--- INFORMATION Enclosed Below ---

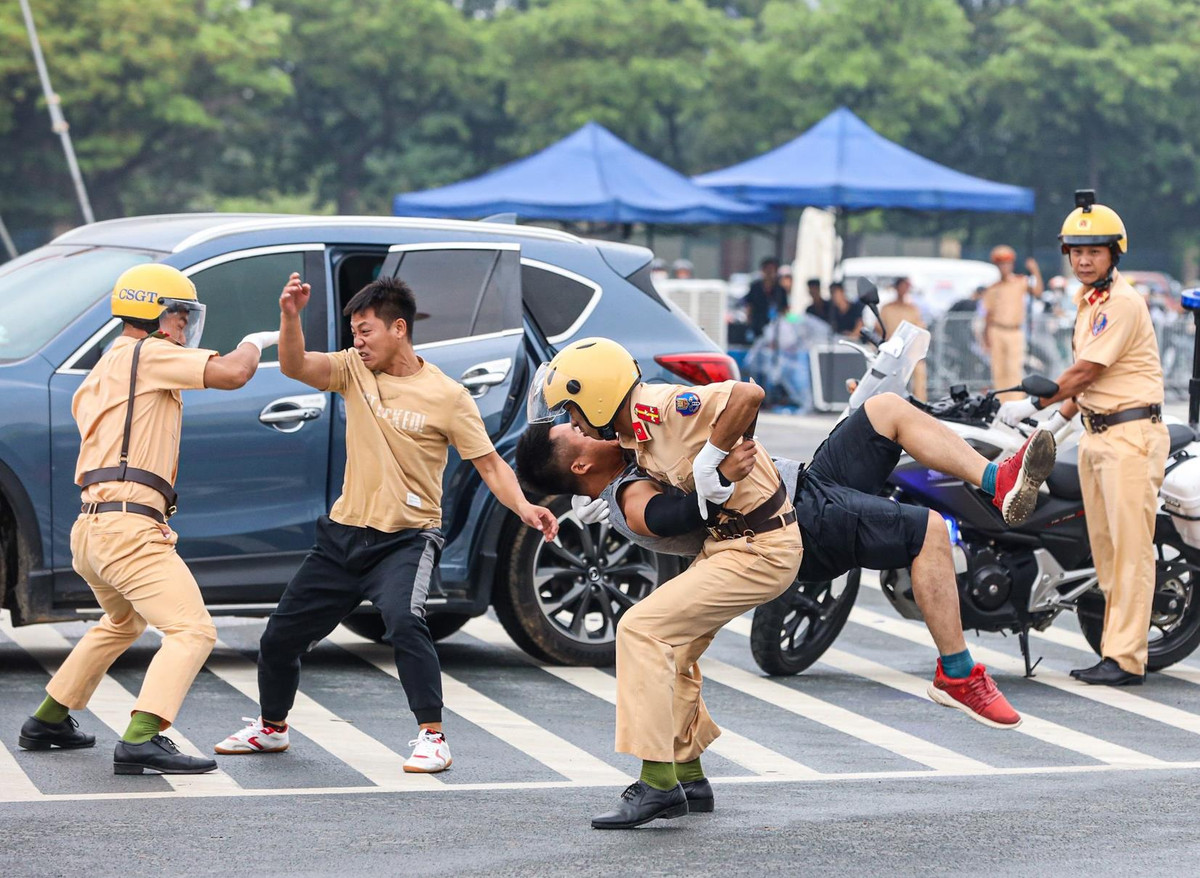 Tình huống thanh niên gây rối tại chốt kiểm soát cũng được biểu diễn tại hội thi. Nữ chiến sĩ CSGT sử dụng nhiều đòn đánh khống chế các đối tượng xăm trổ.
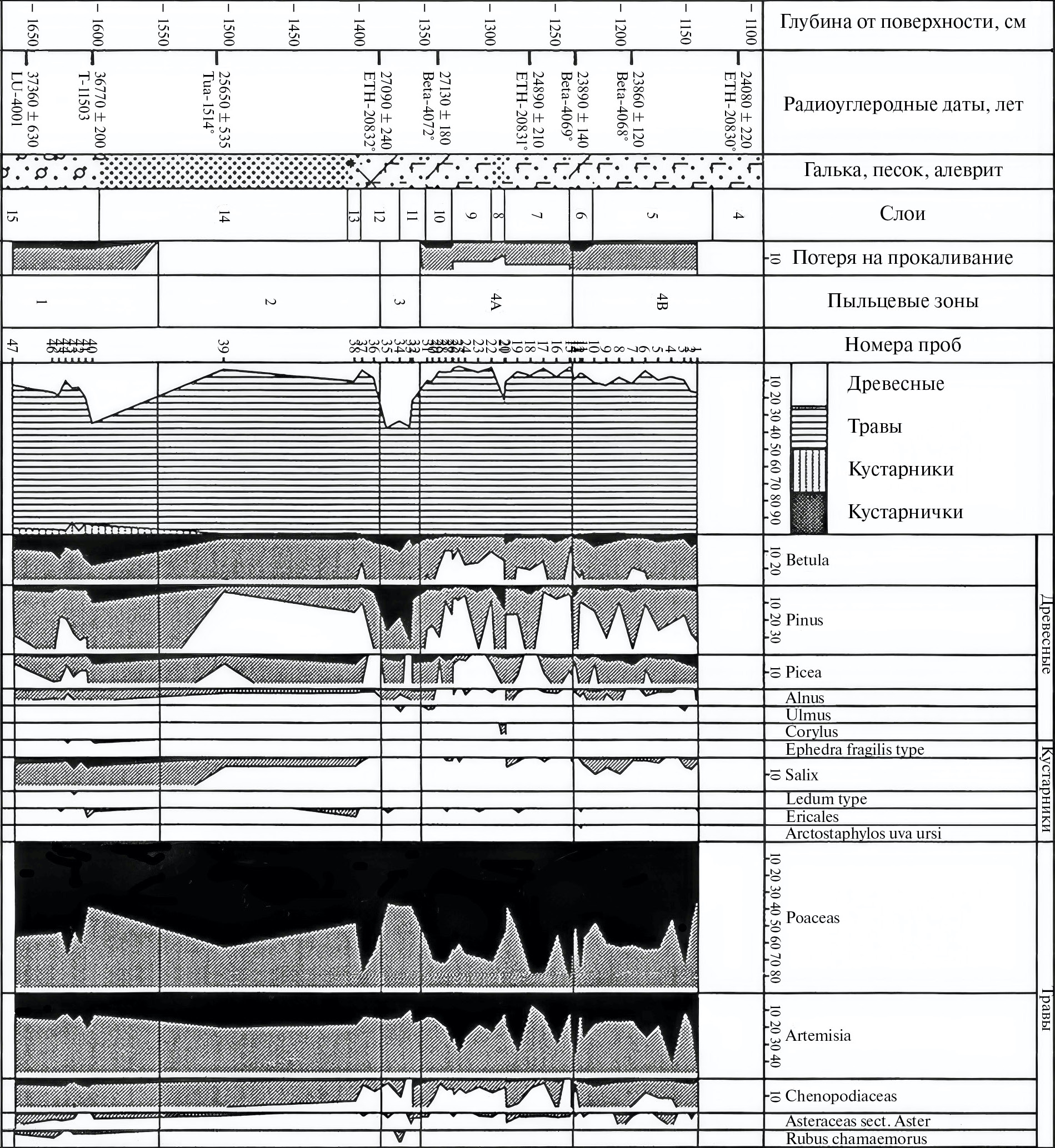 В ключевых для понимания палеогеографии позднего неоплейстоцена разрезах 2-й террасы, описанного выше на Широтной Оби, 61° с. ш. (Астахов, 1989), и на Тоболе, 57,5° с. ш. (Каплянская, Тарноградский, 1974), наблюдаются русловые и пойменные фации, а также старичные глины, характерные для перстративного типа аккумуляции. В разрезе у с. Липовки на Тоболе старичные глины перекрыты лёссовидными алевритами мощностью 15 м с прослоем тонкого песка и тундровыми почвами и псевдоморфозами. По инситным лиственничным пням (горизонт П на рис. 16) были получены надежные ¹⁴C-даты 32.770±240 (ЛУ-6027), 32 640±380 (ЛУ-6026), 32 520±230 (ЛУ-6029), 31 760±230 (ЛУ-6028) лет (интервал 37—34.5 калиброванных тыс. л.) (Арсланов и др., 2009). Этот разрез на основании единичных пыльцевых спектров с елью послужил Н.В. Кинд (1974) поводом для выделения “липовско-новоселовского потепления” в интервале 30—22¹⁴C (34.5—26 калиброванных) тыс. л. Хотя обнажение расположено в липовой роще на южном краю тайги, макроостатки растений и тундровые почвы указывают на прежнюю лесотундровую зону, т.е. на смещение растительных зон 35—37 тыс. л. н. на 800—900 км к югу. Наконец, сеть псевдоморфоз по повторно-жильным льдам — бесспорный климатический индикатор — здесь обнаружена в 1000 км к югу от современной полигональной тундры, что говорит о резко континентальном климате с монолитной мерзлотой в липовском интерстадиале (Каплянская, Тарноградский, 1974). Таким образом, надежные индикаторы вместо гипотетического потепления говорят нам о перигляциальной обстановке никак не теплее палеомерзлотных условий среднего пленигляциала Центральной Европы.
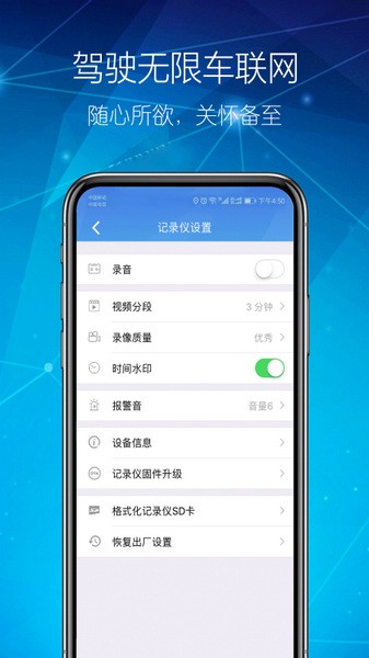 一键连接行车记录仪,能够在手机上观看行车记录仪拍摄的画面。
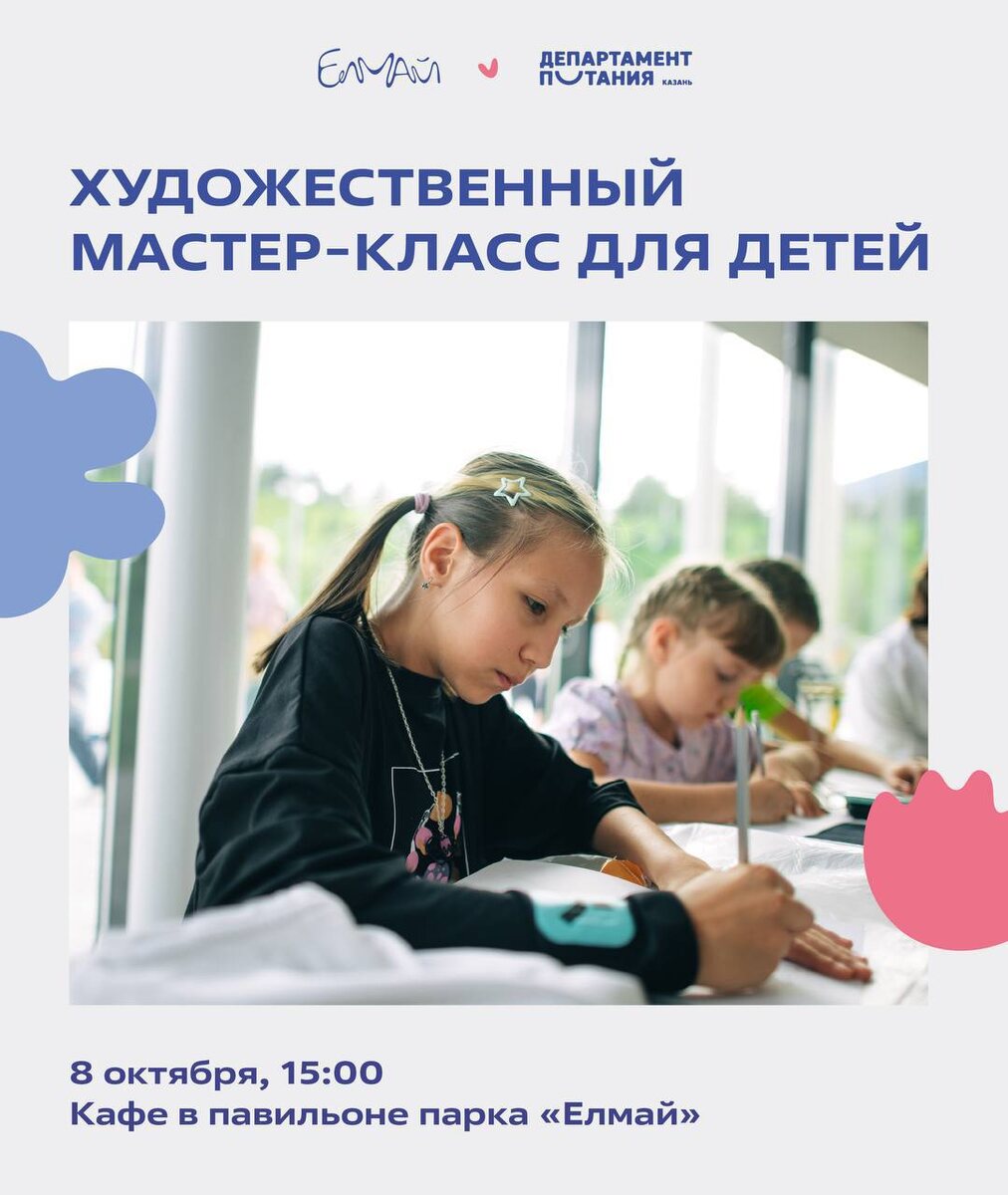 Художественный мастер-класс для детей 🗓️ 8 октября ⏰ 15:00 💸 бесплатно 📍 Детский парк «Елмай», Кафе в павильоне парк Участники создадут яркие и красочные рисунки на тему здорового питания и активного образа жизни. ➡️ РЕГИСТРАЦИЯ ⬅️ ❗️ Детская Афиша | Казань Больше информации в нашей группе, переходите
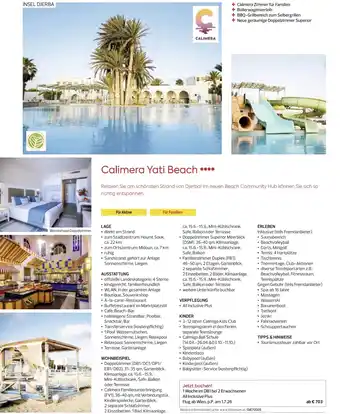 Den Preis von Calimera Yati Beach finden Sie oben auf der Website, zusammen mit dem Datum, ab wann das Angebot erhältlich ist. Sie finden die Preise auch im aktuellen Billa Reisen Flugblatt oder auf der Billa Reisen Website. Durch die Angebote aus dem Flugblatt können Sie sicher sein, die Billa Reisen Produkte zum garantiert besten Preis zu ergattern.
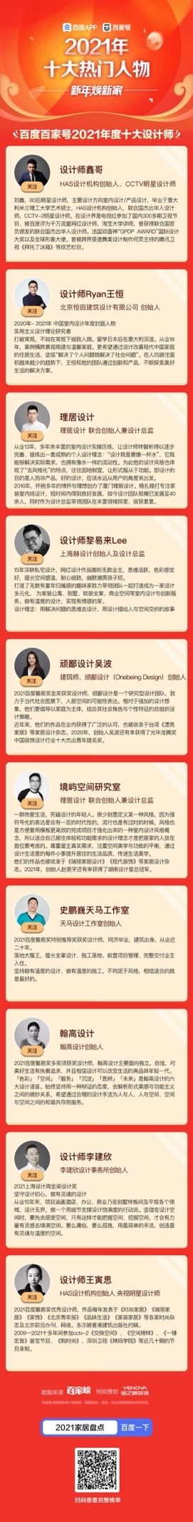 盘点百度平台家居行业年度影响力人物。从百家号内容量、阅读量、互动率、粉丝量等多个维度综合考量,选出年度十大家居创作者、十大设计师。他们是百家号内容的中坚力量。
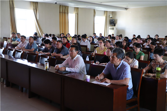 为进一步深入学习领会习近平总书记在学校思政课教师座谈会上的重要讲话精神,全面贯彻党的教育方针,落实立德树人根本任务,5月23日,我院特邀河北师范大学朱月龙教授在行政楼五楼报告厅做《深入领会习近平3.18讲话精神,努力使思政课教学产生理想效果》专题讲座,学院院长贾俊礼、党委副书记王建刚出席讲座,马克思主义学院思想政治理论课教师、各系(部)骨干教师、党总支(直属党支部)书记、部分辅导员及组宣部、学生处全体人员近两百人聆听了讲座。
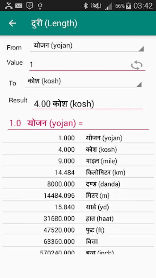 - Length include: Kosh, Gaj, Feet, Inch, Centimeter, Milimeter, Meter, Bhitta, Hatt, Danda & Angul
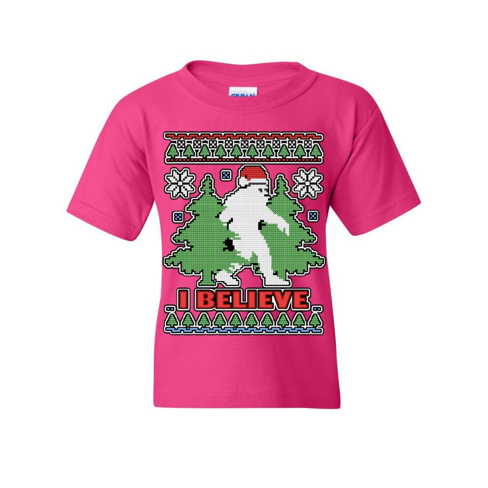 I BELIEVE bigfoot ugly sweatshirt youth t-shirt funny christmas yeti kids tee hot pink
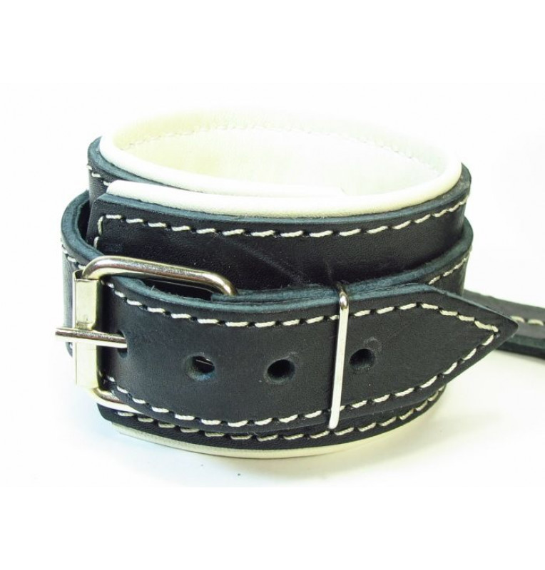 Оковы на ноги с бежевым подкладом. Выполнены из толстой ременной кожи черного цвета, подклад мягкая перчаточная кожа светло бежевого цвета. На пряжке. Использована усиленная металлическая фурнитура. Строчка толстой ниткой контрастного светлого цвета.
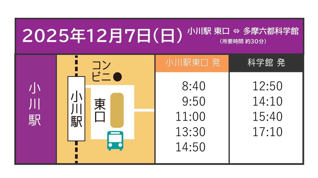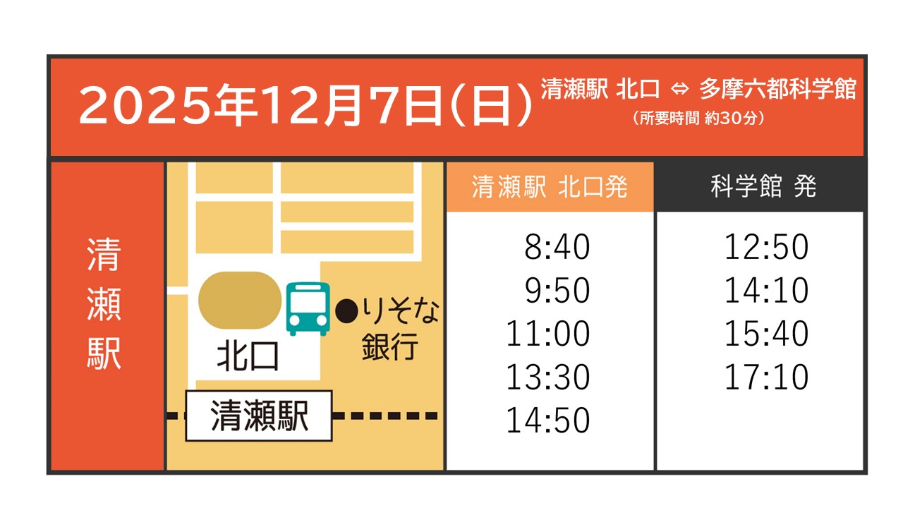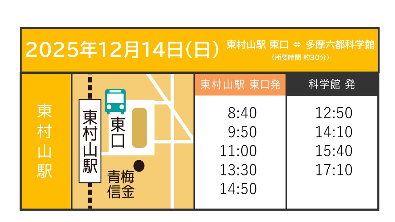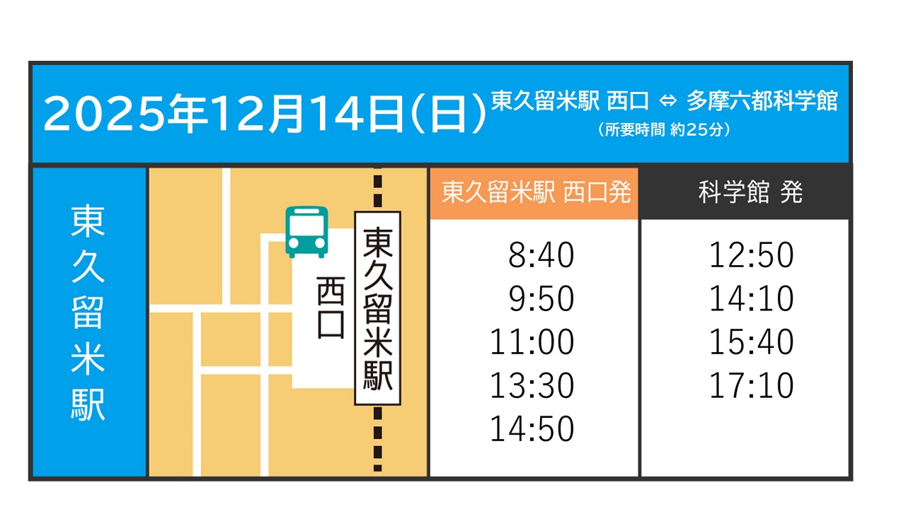2 無料シャトルバスを運行します。下記の駅と多摩六都科学館を結ぶシャトルバスです。運行時刻をご確認のうえ、ぜひご利用ください。

--- End of Enclosed INFORMATION ---

TASK GOAL: Copy everything above from the line holding "为进一步深入学习领会习近平总" down to the line holding "Danda & Angul", both ends included, exactly as it stands and without the pictures.

WORKED SOLUTION:
 为进一步深入学习领会习近平总书记在学校思政课教师座谈会上的重要讲话精神,全面贯彻党的教育方针,落实立德树人根本任务,5月23日,我院特邀河北师范大学朱月龙教授在行政楼五楼报告厅做《深入领会习近平3.18讲话精神,努力使思政课教学产生理想效果》专题讲座,学院院长贾俊礼、党委副书记王建刚出席讲座,马克思主义学院思想政治理论课教师、各系(部)骨干教师、党总支(直属党支部)书记、部分辅导员及组宣部、学生处全体人员近两百人聆听了讲座。
 - Length include: Kosh, Gaj, Feet, Inch, Centimeter, Milimeter, Meter, Bhitta, Hatt, Danda & Angul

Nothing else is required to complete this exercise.